Dataset excerpt: Begin

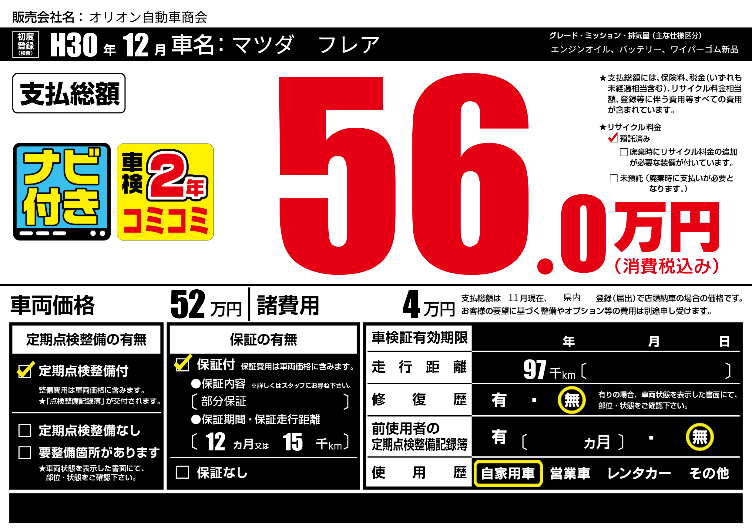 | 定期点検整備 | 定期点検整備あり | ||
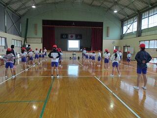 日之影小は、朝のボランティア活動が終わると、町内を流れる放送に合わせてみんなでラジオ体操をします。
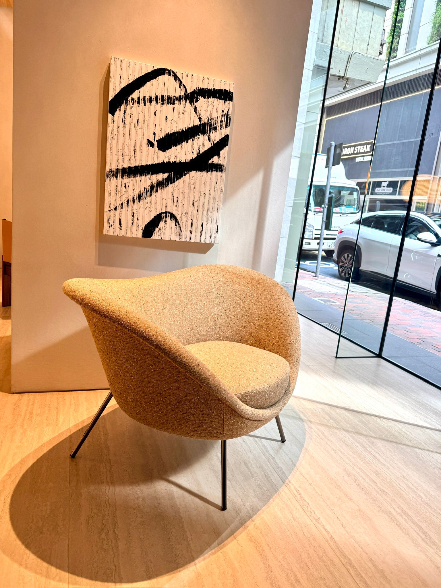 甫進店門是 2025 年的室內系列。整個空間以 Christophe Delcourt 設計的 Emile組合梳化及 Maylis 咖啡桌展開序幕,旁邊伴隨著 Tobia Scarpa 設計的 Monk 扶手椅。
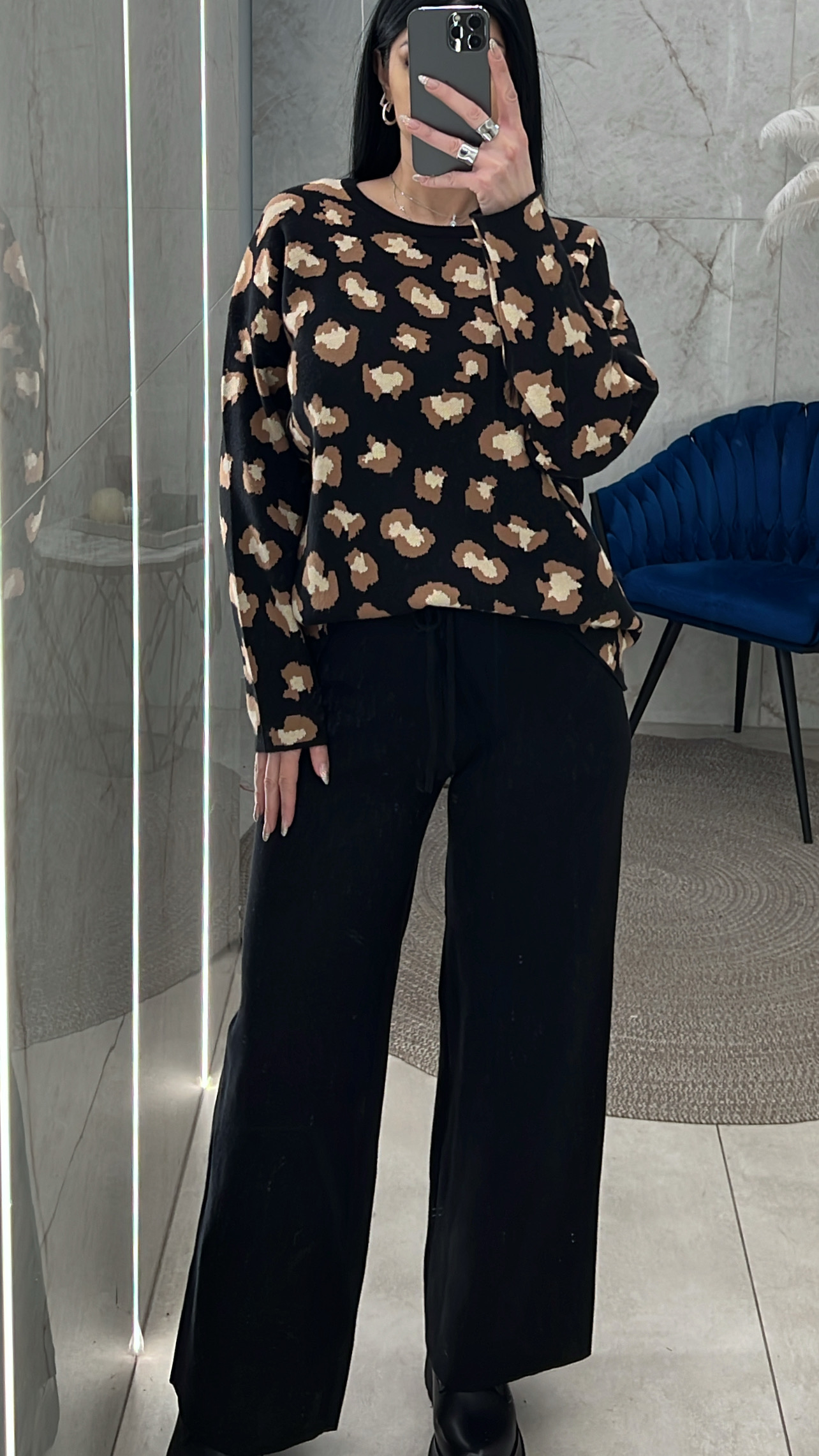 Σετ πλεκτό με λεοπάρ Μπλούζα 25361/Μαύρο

Dataset excerpt: End

Task to complete: Transcribe, without alteration, each line from the one with "甫進店門是 2025 年的室內系列。整個空間以" through the last line of the data; no pictures belong in the copy.

Output for this exercise:
 甫進店門是 2025 年的室內系列。整個空間以 Christophe Delcourt 設計的 Emile組合梳化及 Maylis 咖啡桌展開序幕,旁邊伴隨著 Tobia Scarpa 設計的 Monk 扶手椅。
 Σετ πλεκτό με λεοπάρ Μπλούζα 25361/Μαύρο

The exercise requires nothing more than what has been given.